About this task:
For the records below, copy exactly the span that begins at the line containing "The LPP also" and stops after the line containing "Cop on horse", minus any pictures.

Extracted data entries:
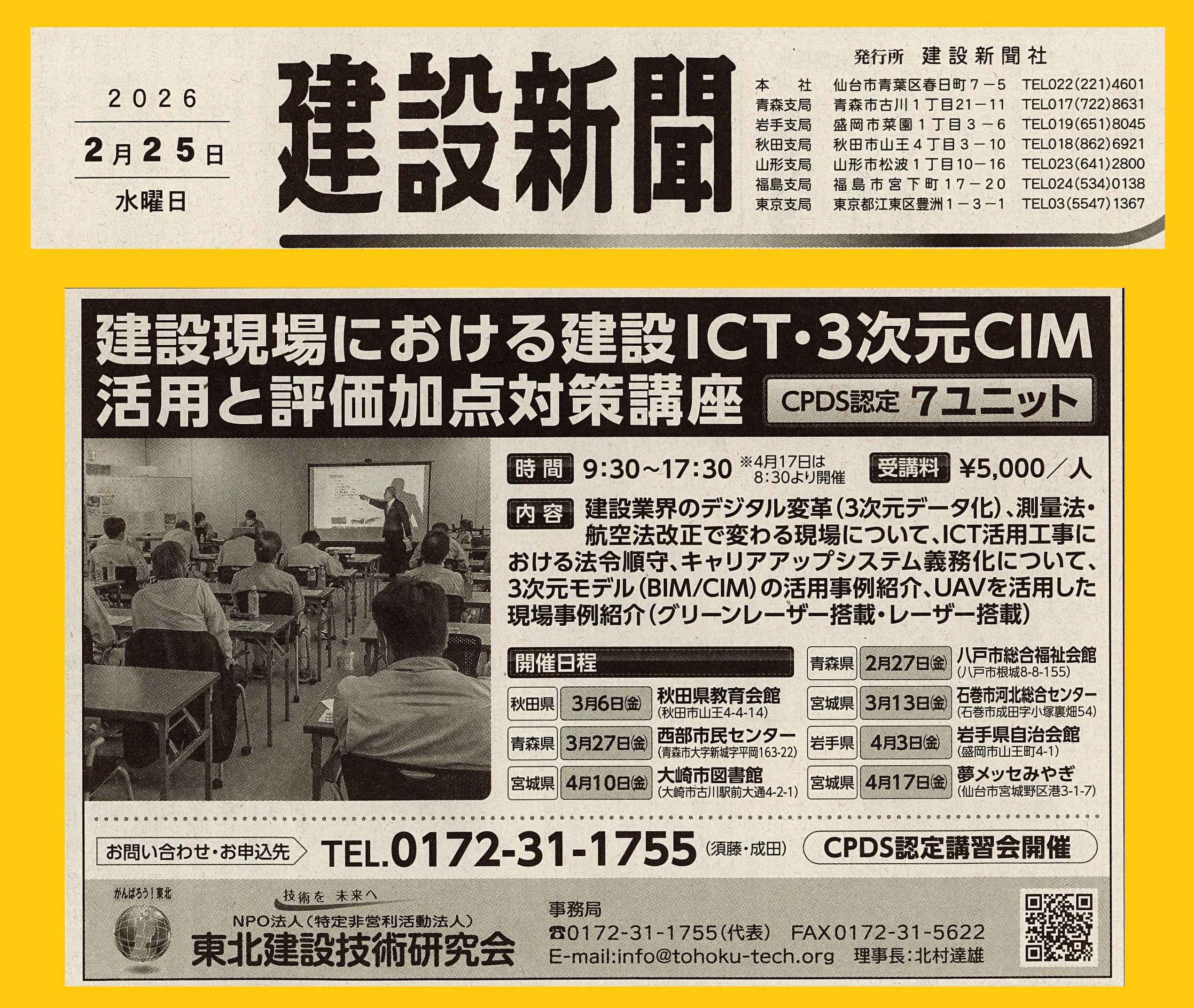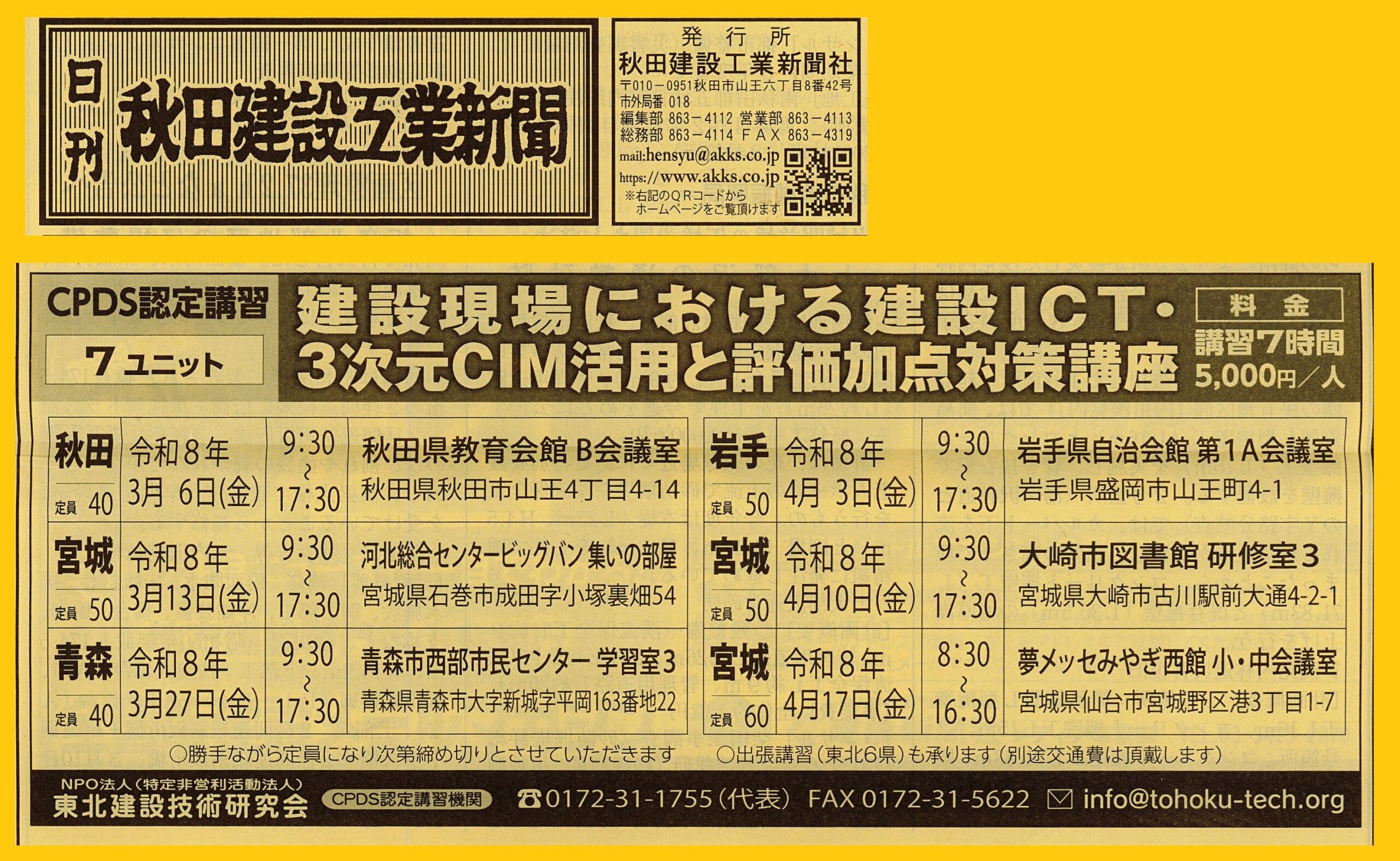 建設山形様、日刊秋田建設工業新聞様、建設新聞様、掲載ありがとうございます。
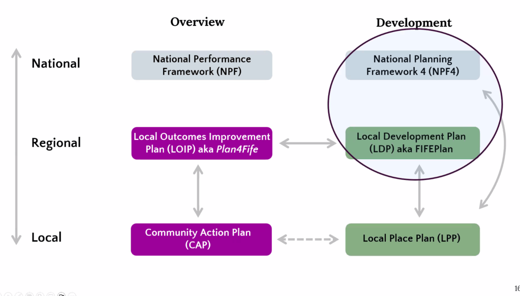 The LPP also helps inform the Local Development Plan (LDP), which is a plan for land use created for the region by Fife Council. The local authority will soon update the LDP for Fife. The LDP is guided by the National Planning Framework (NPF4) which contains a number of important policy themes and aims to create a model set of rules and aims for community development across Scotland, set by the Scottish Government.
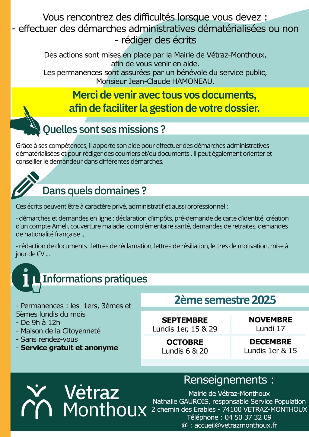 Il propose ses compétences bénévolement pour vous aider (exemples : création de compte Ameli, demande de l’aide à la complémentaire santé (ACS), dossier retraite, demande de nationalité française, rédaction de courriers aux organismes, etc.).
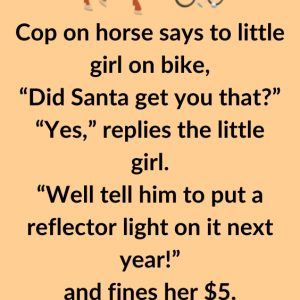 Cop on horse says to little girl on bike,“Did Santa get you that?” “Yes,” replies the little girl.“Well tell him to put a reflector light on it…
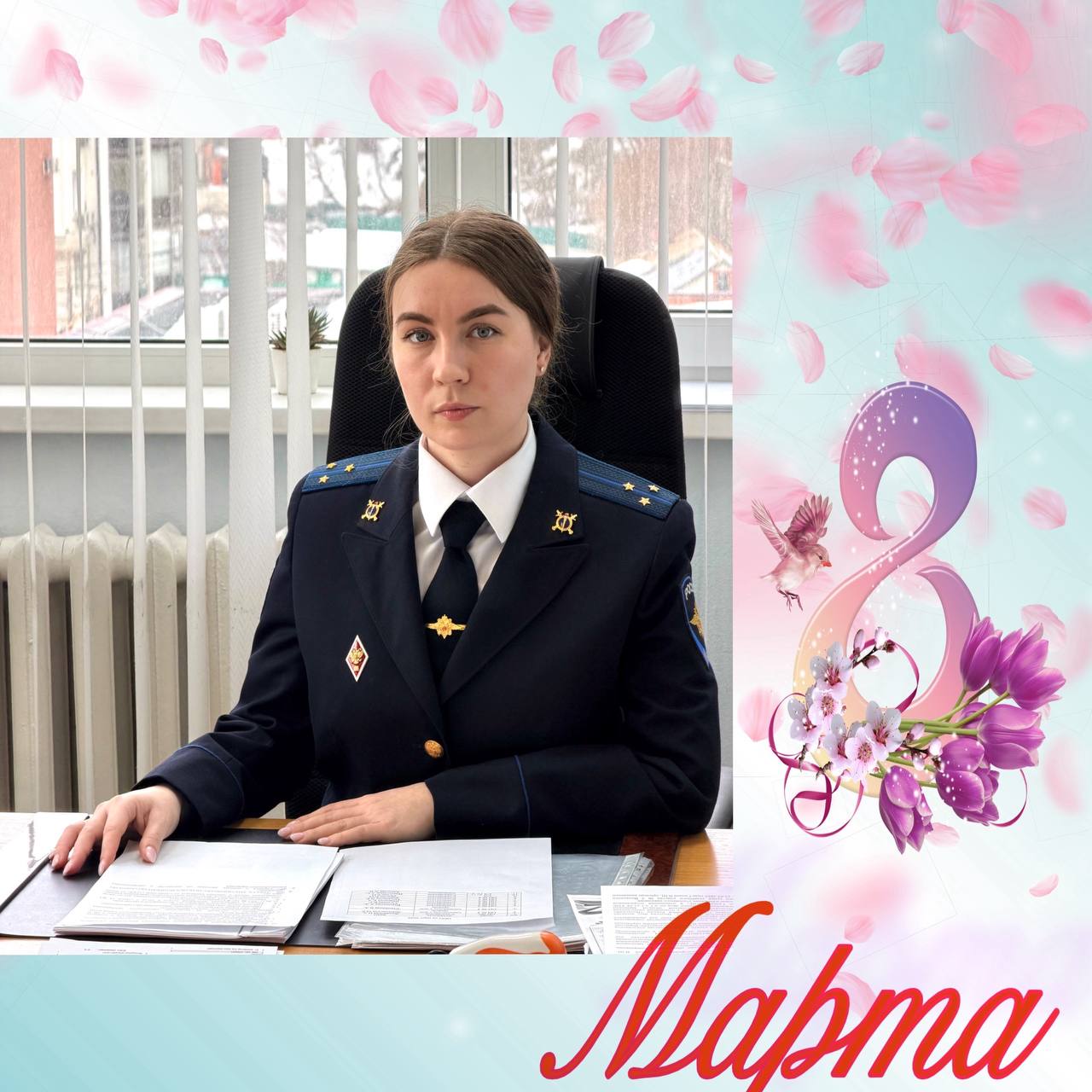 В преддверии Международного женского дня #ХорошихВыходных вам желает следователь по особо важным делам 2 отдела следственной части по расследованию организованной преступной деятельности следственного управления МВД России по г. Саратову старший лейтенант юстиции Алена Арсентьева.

Worked solution:
 The LPP also helps inform the Local Development Plan (LDP), which is a plan for land use created for the region by Fife Council. The local authority will soon update the LDP for Fife. The LDP is guided by the National Planning Framework (NPF4) which contains a number of important policy themes and aims to create a model set of rules and aims for community development across Scotland, set by the Scottish Government.
 Il propose ses compétences bénévolement pour vous aider (exemples : création de compte Ameli, demande de l’aide à la complémentaire santé (ACS), dossier retraite, demande de nationalité française, rédaction de courriers aux organismes, etc.).
 Cop on horse says to little girl on bike,“Did Santa get you that?” “Yes,” replies the little girl.“Well tell him to put a reflector light on it…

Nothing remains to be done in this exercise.